Monday morning dawned bright and sunny when our son, hungry, very wet, and obviously unhappy, woke us with screams of indignation after his first small cries had not produced any movement from his exhausted parents. Finally, sighing deeply, I rolled over to my side of the bed and reluctantly but quietly, slipped out from under the sheets. I had already changed Michael’s diaper by the time Billy emerged from the mound of covers that always seemed to wind up on his side of the bed. In other marriages this could be a problem, but since I always slept in his arms, we were both warm and cozy all night long. The look in his eyes was not that of a sleep deprived new father, rather his familiar ‘come hither’ look I had become so used to during the almost two years of our marriage. Reluctantly, I ignored him this time, out of necessity and a hungry son. As I slipped on my robe and retrieved my slippers from under the bed, kissing Billy on the forehead (I did not dare go any further or our son would have stayed hungry for a while), I told him to go back to sleep since I knew he had to be tired from our night of making love. I know I was, and both of us rarely enjoyed the luxury of eight uninterrupted hours of sleep.
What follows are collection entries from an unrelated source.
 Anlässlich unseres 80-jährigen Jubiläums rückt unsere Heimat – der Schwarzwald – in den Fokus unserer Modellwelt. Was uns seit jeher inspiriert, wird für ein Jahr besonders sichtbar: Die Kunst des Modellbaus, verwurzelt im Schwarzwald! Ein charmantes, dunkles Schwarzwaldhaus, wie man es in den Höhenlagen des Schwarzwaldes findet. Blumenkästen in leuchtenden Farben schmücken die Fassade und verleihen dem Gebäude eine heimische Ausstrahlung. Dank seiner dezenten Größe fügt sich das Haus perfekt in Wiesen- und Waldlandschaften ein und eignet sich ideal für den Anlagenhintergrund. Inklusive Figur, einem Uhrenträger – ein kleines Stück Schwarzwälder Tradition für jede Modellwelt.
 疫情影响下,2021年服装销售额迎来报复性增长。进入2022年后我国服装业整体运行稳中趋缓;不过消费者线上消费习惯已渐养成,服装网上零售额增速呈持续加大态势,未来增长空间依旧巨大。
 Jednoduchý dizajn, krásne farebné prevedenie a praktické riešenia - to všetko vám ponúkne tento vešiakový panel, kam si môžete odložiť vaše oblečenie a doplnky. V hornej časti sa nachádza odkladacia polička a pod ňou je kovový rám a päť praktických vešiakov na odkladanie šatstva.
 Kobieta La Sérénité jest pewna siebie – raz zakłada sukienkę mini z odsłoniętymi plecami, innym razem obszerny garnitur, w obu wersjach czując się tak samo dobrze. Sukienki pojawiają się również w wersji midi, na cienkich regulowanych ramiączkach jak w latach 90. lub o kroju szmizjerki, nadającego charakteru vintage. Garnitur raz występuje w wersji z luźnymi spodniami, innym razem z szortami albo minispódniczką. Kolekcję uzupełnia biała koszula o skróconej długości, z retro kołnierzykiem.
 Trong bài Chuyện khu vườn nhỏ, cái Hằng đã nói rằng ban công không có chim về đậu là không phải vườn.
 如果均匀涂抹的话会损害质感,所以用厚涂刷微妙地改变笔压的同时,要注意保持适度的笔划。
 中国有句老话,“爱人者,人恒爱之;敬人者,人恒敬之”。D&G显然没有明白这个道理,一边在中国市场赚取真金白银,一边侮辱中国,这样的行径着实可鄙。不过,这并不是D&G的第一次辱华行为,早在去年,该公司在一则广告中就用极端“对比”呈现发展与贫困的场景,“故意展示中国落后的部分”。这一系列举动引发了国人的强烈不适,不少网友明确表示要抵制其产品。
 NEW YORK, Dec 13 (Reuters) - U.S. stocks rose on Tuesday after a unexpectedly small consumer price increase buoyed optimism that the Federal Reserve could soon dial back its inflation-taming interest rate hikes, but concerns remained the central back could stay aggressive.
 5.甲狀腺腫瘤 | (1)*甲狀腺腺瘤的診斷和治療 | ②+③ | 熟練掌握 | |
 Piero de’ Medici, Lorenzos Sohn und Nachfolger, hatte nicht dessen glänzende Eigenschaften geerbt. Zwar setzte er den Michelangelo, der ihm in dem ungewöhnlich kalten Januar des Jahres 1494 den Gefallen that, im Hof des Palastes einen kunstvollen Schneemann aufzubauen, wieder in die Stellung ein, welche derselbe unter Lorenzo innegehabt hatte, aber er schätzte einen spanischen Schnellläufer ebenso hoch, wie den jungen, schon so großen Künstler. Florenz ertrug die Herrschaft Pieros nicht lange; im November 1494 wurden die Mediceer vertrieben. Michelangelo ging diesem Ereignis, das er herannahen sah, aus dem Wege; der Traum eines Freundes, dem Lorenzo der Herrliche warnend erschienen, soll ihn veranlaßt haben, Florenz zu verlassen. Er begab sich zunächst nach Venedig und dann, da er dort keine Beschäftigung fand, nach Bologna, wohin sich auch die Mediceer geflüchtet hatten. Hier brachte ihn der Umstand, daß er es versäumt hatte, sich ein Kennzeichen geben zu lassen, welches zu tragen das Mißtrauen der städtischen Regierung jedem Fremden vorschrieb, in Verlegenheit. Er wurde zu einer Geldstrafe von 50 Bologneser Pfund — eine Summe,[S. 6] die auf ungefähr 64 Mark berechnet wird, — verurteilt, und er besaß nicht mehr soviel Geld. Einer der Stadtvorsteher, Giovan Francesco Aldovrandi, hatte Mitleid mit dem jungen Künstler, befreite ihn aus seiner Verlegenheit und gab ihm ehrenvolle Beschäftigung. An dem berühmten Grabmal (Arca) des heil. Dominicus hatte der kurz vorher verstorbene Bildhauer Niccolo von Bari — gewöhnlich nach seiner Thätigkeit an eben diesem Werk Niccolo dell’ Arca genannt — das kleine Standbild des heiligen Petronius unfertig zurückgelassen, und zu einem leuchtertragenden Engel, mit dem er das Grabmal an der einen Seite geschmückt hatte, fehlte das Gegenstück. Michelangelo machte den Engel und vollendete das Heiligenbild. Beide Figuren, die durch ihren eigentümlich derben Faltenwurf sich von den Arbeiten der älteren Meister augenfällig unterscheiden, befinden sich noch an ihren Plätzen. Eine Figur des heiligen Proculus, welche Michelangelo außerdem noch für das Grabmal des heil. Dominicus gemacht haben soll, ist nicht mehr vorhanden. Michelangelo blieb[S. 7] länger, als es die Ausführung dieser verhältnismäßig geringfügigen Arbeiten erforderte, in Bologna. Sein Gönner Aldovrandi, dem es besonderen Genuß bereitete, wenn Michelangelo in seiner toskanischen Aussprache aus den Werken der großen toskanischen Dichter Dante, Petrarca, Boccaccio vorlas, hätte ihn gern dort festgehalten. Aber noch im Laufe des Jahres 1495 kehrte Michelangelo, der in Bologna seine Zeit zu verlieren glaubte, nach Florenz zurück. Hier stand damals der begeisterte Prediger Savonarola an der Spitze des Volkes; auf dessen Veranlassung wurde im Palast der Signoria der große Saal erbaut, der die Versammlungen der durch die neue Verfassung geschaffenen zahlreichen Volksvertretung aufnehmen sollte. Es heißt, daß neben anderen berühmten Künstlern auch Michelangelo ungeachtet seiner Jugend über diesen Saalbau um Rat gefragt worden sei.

With the retrieved slippers on my now cold feet I took Michael upstairs to prepare his breakfast, but regardless of my plea, Billy followed behind us about 5 minutes later, composed and ready to begin our journey. Silently, I wondered what surprises and problems we would encounter around this bend in our road, which we would begin to explore with the coming New Year. I relied heavily on my instincts that certainly our lives could only get better, and better, since so far in our marriage each new bend had led us to days filled with increasing love for each other, and now our perfect son – the living symbol of that love. It was difficult to imagine I could possibly be any happier than I was that morning, with my brand new lieutenant and our beautiful, healthy baby boy. Perhaps this was God’s way of making up for all the years of misery spent in my parent’s house, and I would have chosen once again to suffer through those often-terrifying days and nights if life with Billy was my final reward. He was worth anything and everything life had handed me, and now I was eating off a platter made of pure gold. I felt that this day, like all our days, was the first day of the rest of my life with this charming, handsome, smooth talking man who claimed my heart from the very first date. Just standing close to him still sent chills up my spine, and my heart filled with love when he came up behind me and held me in his arms.
"This is quite an exciting day, you know," he said, and I agreed with him completely.
I could hardly wait to get to Columbus and begin setting up our new home, and I just hoped we would be able to stay at Benning for at least a year or two, although I did not voice my desire. Never would I want Billy to think I was reluctant to move on to his next assignment, wherever that might be, from Alaska to Hawaii, and I would try my best to make sure every bend in the road would be another adventure. My entire life wrapped around my husband and my son, and I wanted to create a home where Billy could relax and unwind, yet feel free to ask anyone to stop by at anytime, or bring friends home for supper. I also wanted our son to have a home where he could play with his toys, and not have someone constantly on him about picking up, so I knew our home would reflect that a child lived there too.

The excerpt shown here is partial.